— На память не жалуюсь! — важно произнёс Плахута и начал снова описывать амазонку: среднего она роста, глаза тёмные, по виду смахивает на юношу лет семнадцати.
Надежда его не слушала. Она завернулась с головой в свою летнюю шинель и заснула. Поездка в деревню за четырнадцать вёрст, свадебный пир, множество новых лиц кругом, весёлая музыка и танцы утомили её. Вставать же надо было до рассвета, так как офицеры обещали полковому командиру, что вернутся в лагерь к разводу караула.

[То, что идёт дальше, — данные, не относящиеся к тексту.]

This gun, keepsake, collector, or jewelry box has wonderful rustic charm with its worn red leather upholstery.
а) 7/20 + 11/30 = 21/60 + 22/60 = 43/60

Трубачи уже играли «апель» и на часах было девять утра — время начинать развод, — а мариупольцы только подъезжали к месту. Полковник задержал церемонию на двадцать минут. Отдав лошадей денщикам, офицеры подхватили сабли и ташки и почти бегом двинулись на площадку между «улицами» пятого и шестого эскадронов, к палатке так называемого палочного караула. Действо началось. Старый и новый караулы, построившись, маршировали, делали «приёмы» с карабинами, офицеры сдавали друг другу дежурство, трубачи играли. Зазвучал «Марш нового караула», что было сигналом того, что развод закончен.
Офицеры эскадрона Павлищева: майор, поручики Текутев, Подъямпольский, корнет Александров, все, ездившие на помещичью свадьбу, — шли к палаткам своего подразделения. Навстречу эскадронному командиру спешил вахмистр с испуганным лицом.

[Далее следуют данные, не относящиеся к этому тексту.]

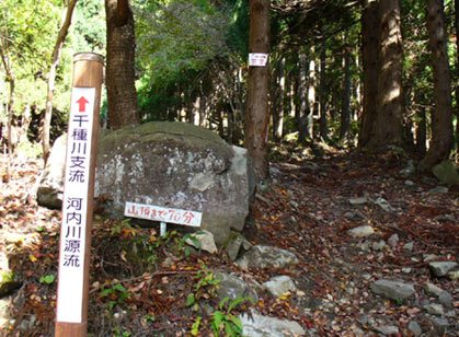 終点にはオフロード車が一台。源流の標柱と「山頂まで70分」の道標。これがうわさのやつかぁ、
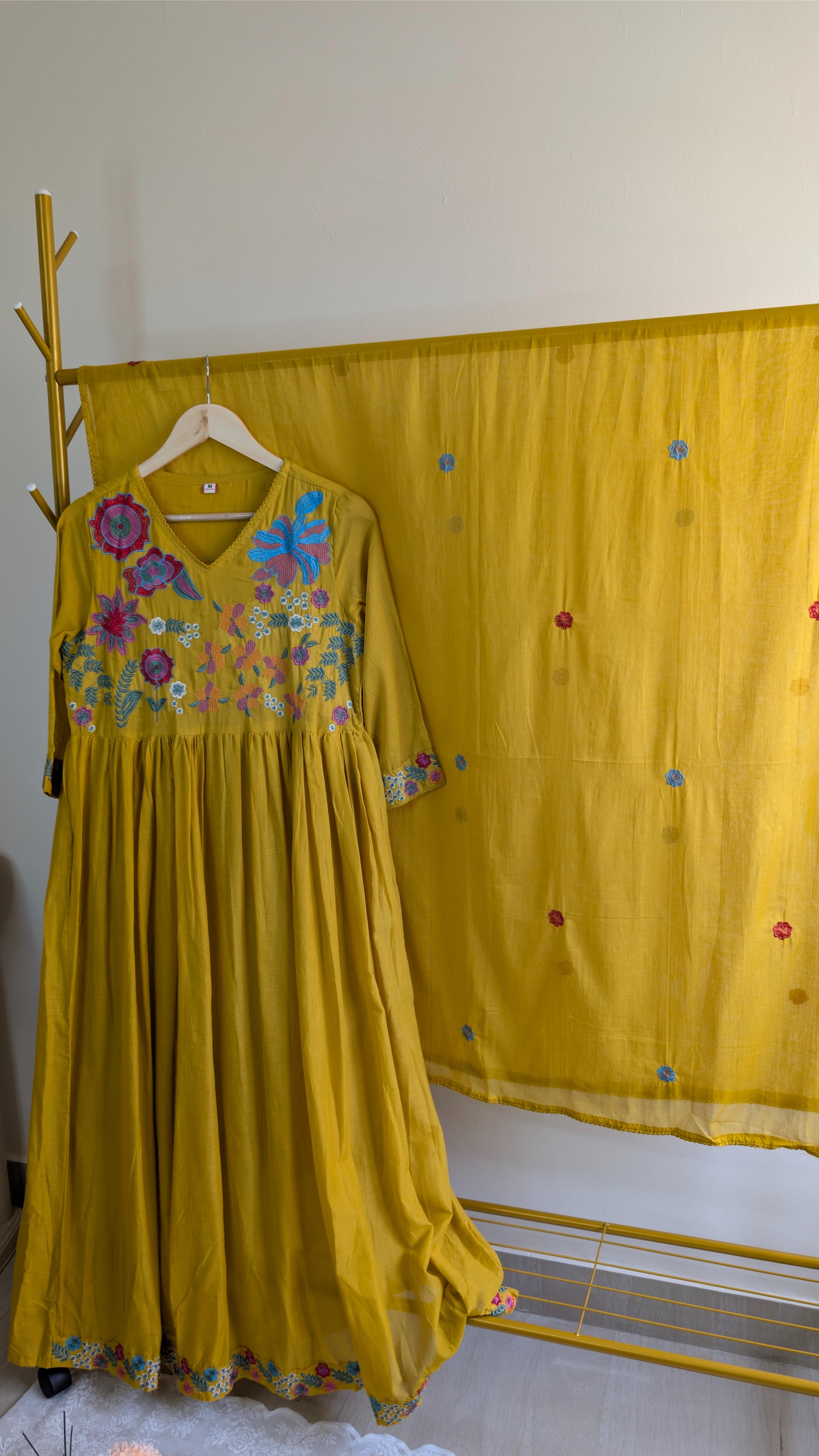Step into effortless elegance with this beautiful mustard mul cotton 3-piece kurti set, featuring a stylish frock-style kurta adorned with delicate floral thread embroidery on the yoke. Crafted from airy, breathable mul cotton, this set offers ultimate comfort with a graceful flare — perfect for festive brunches, office wear, and casual ethnic outings.
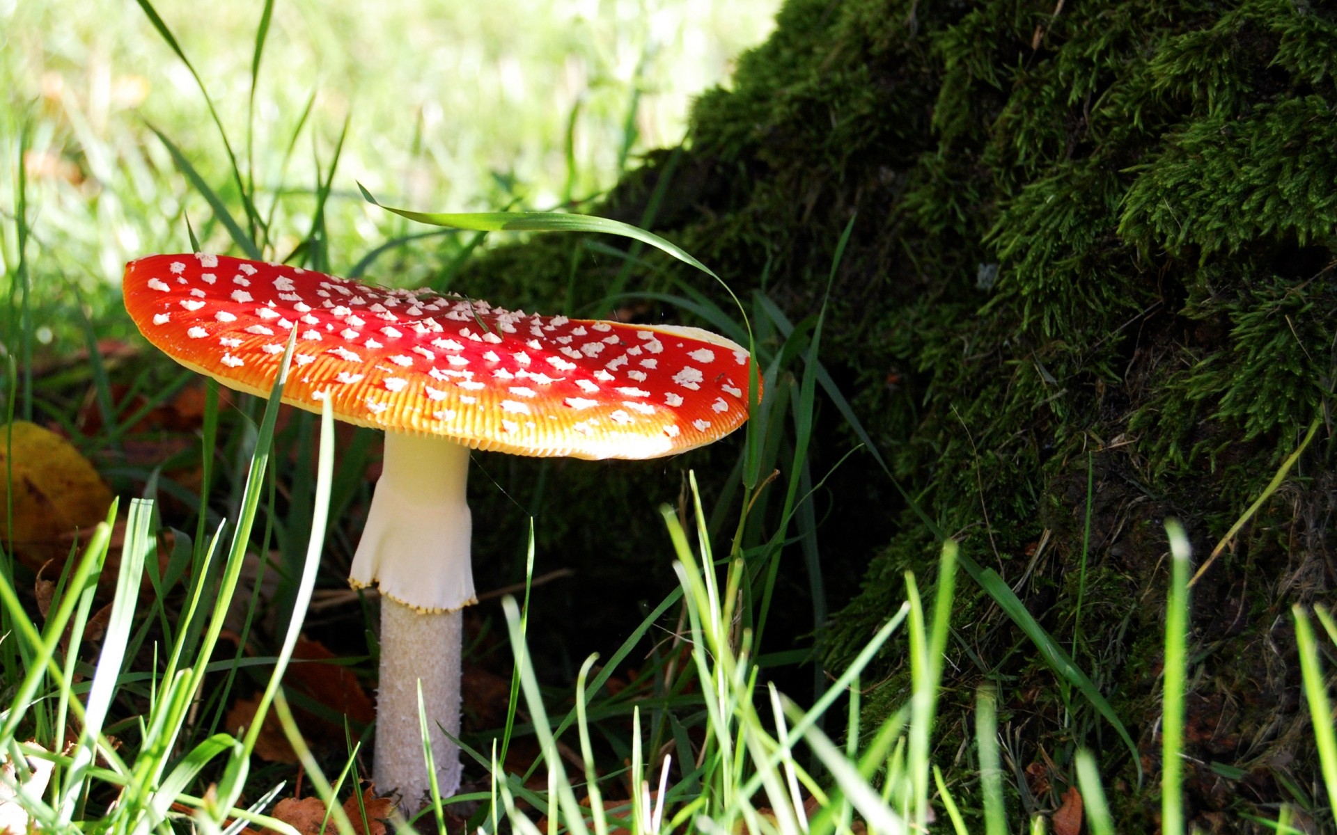 Złotowłosa w szarej koszulce spaceruje w zieleni lasuZłotowłosa w szarej koszulce spaceruje w zieleni lasu

— Разрешите доложить, ваше высокоблагородие! В четвёртом взводе у нас происшествие...
«Не бывает в жизни все слишком хорошо, — пронеслось в голове у Надежды. — Если не одна неприятность, то другая...»
— Что случилось? — спросил Павлищев.
— Рядовой Черешкович на вечерних экзерцициях по рубке лозы саблей отрубил своей строевой лошади ухо!
— Вот вам, корнет, и сюрприз от «кампаментов». Что скажете?
— Гусар Филимон Черешкович — ваш земляк, господин майор, — чётко доложила Надежда. — Взят из Екатеринославской губернии, в службе полтора года, солдат старательный, но обучен недостаточно. Лошадь у него старая, мерин пятнадцати лет по кличке Грозный. Можно отдать на выранжировку...
— Всё равно, — прорычал майор, — быть ему крепко битому. Триста шпицрутенов и штраф за порчу казённого имущества!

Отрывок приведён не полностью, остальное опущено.